# Winter Behavior - Bees on Inner Cover



## MES613 (Nov 19, 2010)

This is my first beekeeping winter. Yesterday, I went to check on my hives, and observed something that I did not expect. The temperature was 45 degrees, sun shining and no wind. All six of my hives are two deeps, with screened or solid bottom boards, notched inner covers topped with insulation board and covered with a telescoping outer cover, allowing an upper entrance and moisture ventilation from the top. All are covered in black roofing paper.

I wrapped on all six of my hives and wasn't certain whether I heard any buzzing. So, fearing the worst, I gently lifted the outer cover from one side and observed hundreds of bees in each hive on top of the inner cover (and below the foam insulation board), generally clustered around the hole in the inner cover.
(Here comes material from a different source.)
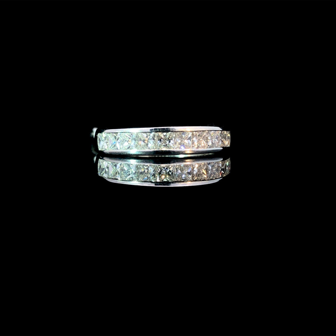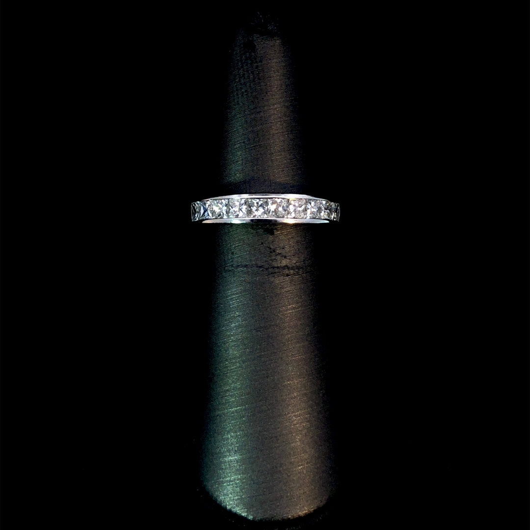 This stunning diamond band boasts 1.00ctw of princess cut diamonds set in platinum. Elevate any outfit with its timeless elegance and shine. Perfect for special occasions or everyday wear, this band is sure to add a touch of luxury to any look. This ring is a size 5.5. If that size is not a perfect fit, first time sizing is free at the time of purchase. Additional sizing fees may apply.

Happy to see bees alive in the hives, I quickly re-covered the hives.

I wasn't expecting to see that many bees clustered around the opening in the inner cover, assuming that if my bees were alive, they would be clustered somewhere in the hive.

So, my question is simple. Have you observed this behavior before? Is it cause for worry? Is this a sign that the bees have moved all the way up in the hive and are starting to "flow" out the top? Or that they've run out of stores and that I need to do some emergency feeding?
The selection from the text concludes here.